その場に一つだけある水車小屋には、何故か様々な姿に変わる預言者と名乗る者がおり、よく分からない話を一通りされたあと『世界を救え』と言われデコピンを食らい再び意識を失って目覚めると、仲間達が心配そうに自分を覗き込んでいた。

不思議なチカラで何かに助けられたらしく、船着場の宿舎で休ませてもらう事になり他の仲間が先に行った後、海辺に光が差し文字が現れた。『勇気を胸に、いかずちを手に』と。


 バンデルフォン地方に降り立ちネルセンの宿屋を訪れると、泊まれば不可思議な夢が見られると話題になっており、もう一つ重要な情報として美人の女武闘家も泊まっていたという事だった。

それはマルティナではないかと察したジュイネ達は、その女武闘家はどこへ向かったかと宿屋の主人に尋ねたが、泊まってから翌日になって飛び出すように出て行ってしまった為どこへ行ったかまでは分からないという。

とりあえずジュイネ達は一晩宿屋に泊まり、誰でも見るという不可思議な夢を見た。⋯⋯口惜しいと嘆く戦士らしき姿と、その戦士を救ってほしいと懇願する女性の声がした。

ロウにとってその嘆きの戦士に見覚えがあり、鎧からしてユグノア王家の者と察しユグノア城跡へ向かう事を提案したが、新たな宿屋の噂話からどうやら美人の女武闘家はモンスターカジノと化したグロッタの町のVIPルームに居るらしかった。

何故そんな所に居るのかという疑問もそうだが、マルティナを放っておくわけには行かない為ユグノア城跡は後回しになりグロッタの町へ向かう事になった。


 グロッタの町は、ほぼ魔物に占領されていた。カジノ経営の為人間が強制労働させられている。下手に手を出すと人間を人質にされる可能性を考慮し、捕まっているかもしれないマルティナを先に助け出してからグロッタの町を解放する事にし、まずはVIPルームへ行く為にその入り口を塞いでいる魔物が欲しているラブリーエキスを入手すべくカジノでコインを稼ぐ。
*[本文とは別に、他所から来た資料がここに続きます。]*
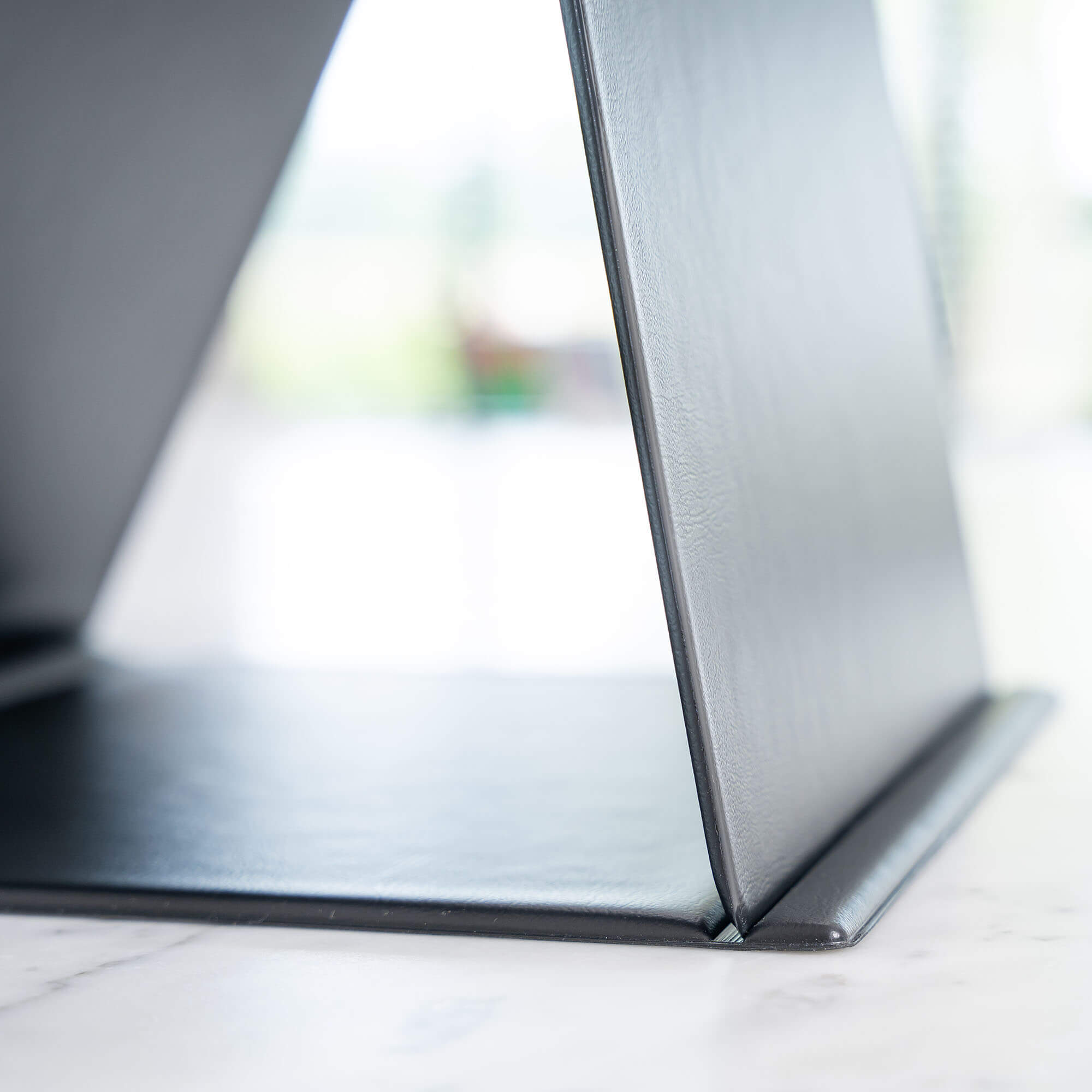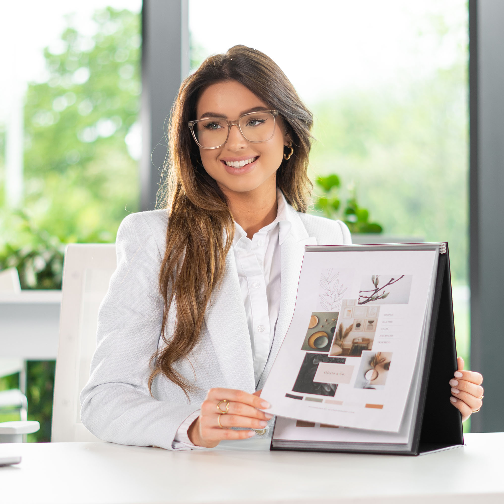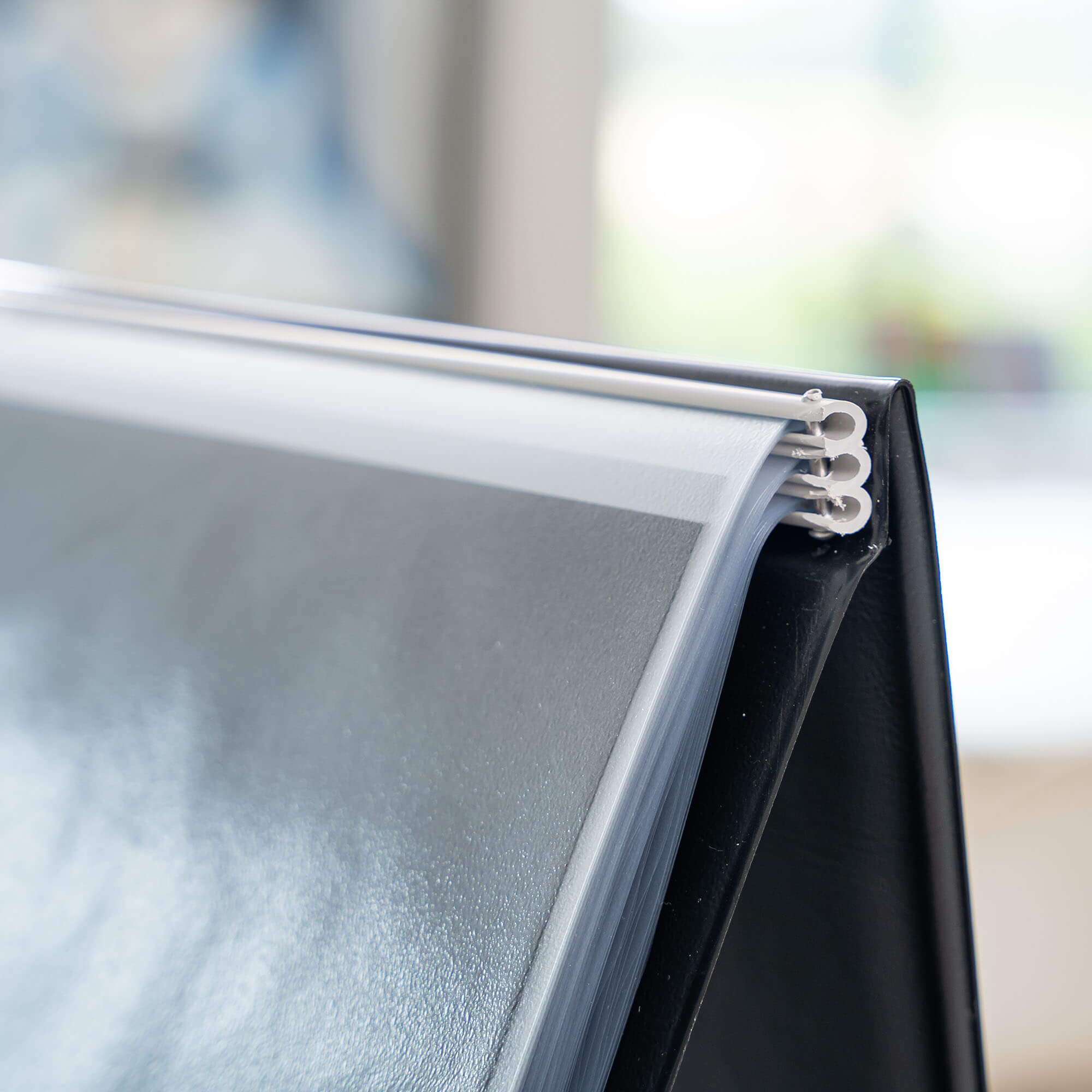 Rillstab table flipchart A4 portrait format, made of plastic material. Provided in the back with the Rillstab mechanism filled with 20 environmentally friendly anti-reflex pockets made from acid-free polypropylene, to insert documents on the right side. Turning the pockets is very easy and the pockets do not fall back. The table flip chart is easy to set up in a triangular shape, can be folded quickly and takes up little space. Ideally suited for presentations to small groups.

ラブリーエキスをコインで何個か交換出来るほど稼いだ一行は、VIPルームに居る可能性のあるマルティナに会う為VIPルーム入り口を塞いでいる魔物にラブリーエキスを渡し、勝手に恍惚状態と化した魔物は突如、目の前のジュイネに残りのラブリーエキスを顔にぶちまけた。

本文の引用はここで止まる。